→ TASK REQUIREMENTS
Where the line holding "Below are the" appears, start copying, and continue exactly through the last line of the listing, skipping pictures.

DATASET EXTRACT START

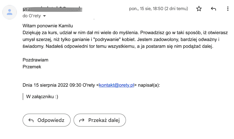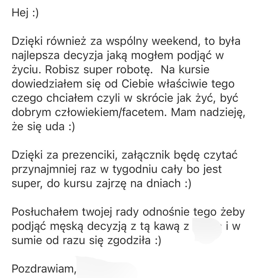 2. Seminarium są wyłącznie dla mężczyzn, dla których najważniejsza jest uczciwość oraz szczerość wobec kobiet. To oznacza zero manipulacji, socjotechnik, perswazji, uwodzenia, okłamywania czy wykorzystywania. Będziemy uczyli się, jak budować dojrzałe i pozytywne relacje z ludźmi i kobietami - oparte na uczciwości i odpowiedzialności.
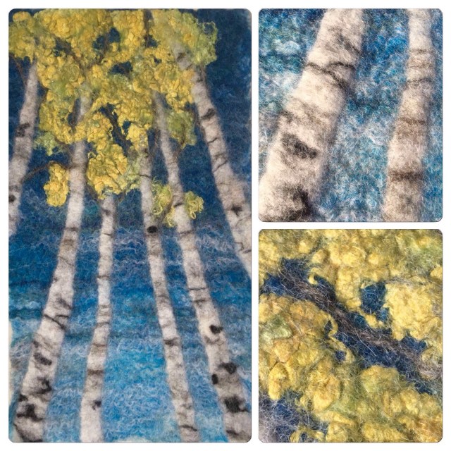 Below are the results after felting. It really is fun playing around with wool and silk fabric. And soon I may even feel ready to make something larger than a sample from that soft merino-silk prefelt and the silk fabric. 🙂
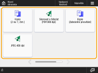 Stiskněte <Kopie>  zadejte nastavení kopírování. Obrazovka <Hlavní obrazovka>
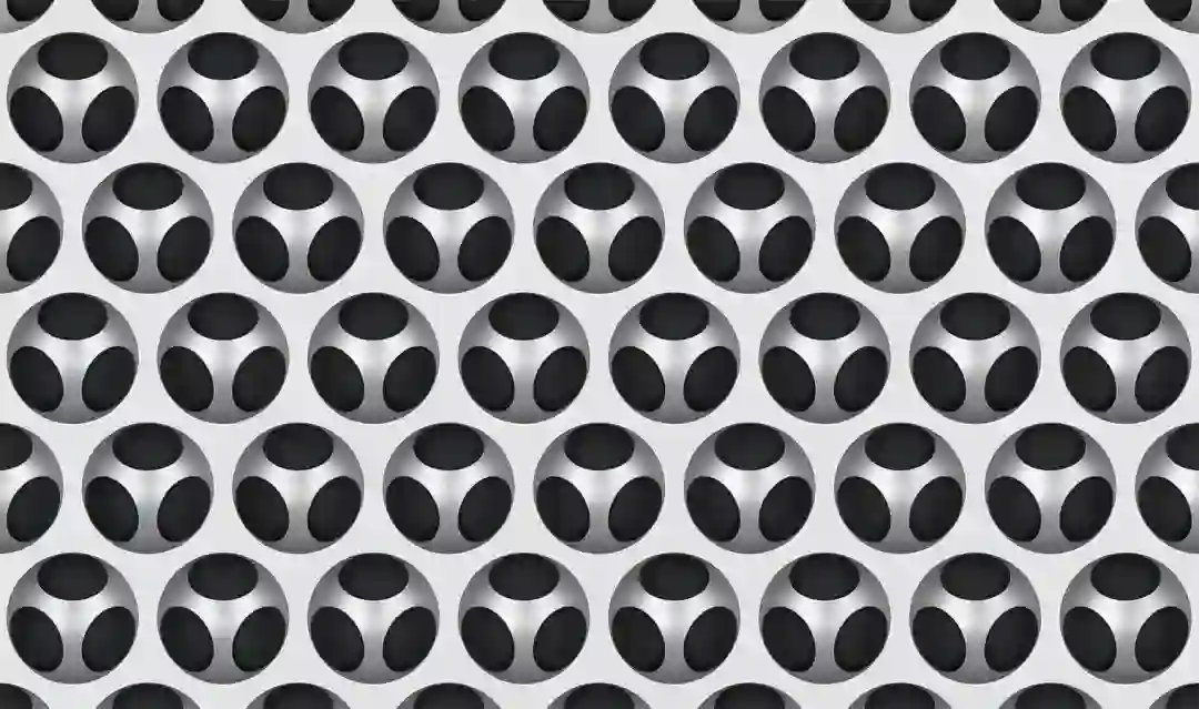 除了内部散热结构的设计以外,Mac Pro 和 Pro Display XDR 那标志性的圆孔网格样式也有利于帮助机器内热量散发(小声bb:真的不是对密恐患者的恶意吗),这种网格样式是根据分子晶体结构的自然状态设计的。三维联锁球面网格增大了表面积,从而提升了通风性能和结构强度。

DATASET EXTRACT END

→ RESPONSE BOX
 Below are the results after felting. It really is fun playing around with wool and silk fabric. And soon I may even feel ready to make something larger than a sample from that soft merino-silk prefelt and the silk fabric. 🙂
 Stiskněte <Kopie>  zadejte nastavení kopírování. Obrazovka <Hlavní obrazovka>
 除了内部散热结构的设计以外,Mac Pro 和 Pro Display XDR 那标志性的圆孔网格样式也有利于帮助机器内热量散发(小声bb:真的不是对密恐患者的恶意吗),这种网格样式是根据分子晶体结构的自然状态设计的。三维联锁球面网格增大了表面积,从而提升了通风性能和结构强度。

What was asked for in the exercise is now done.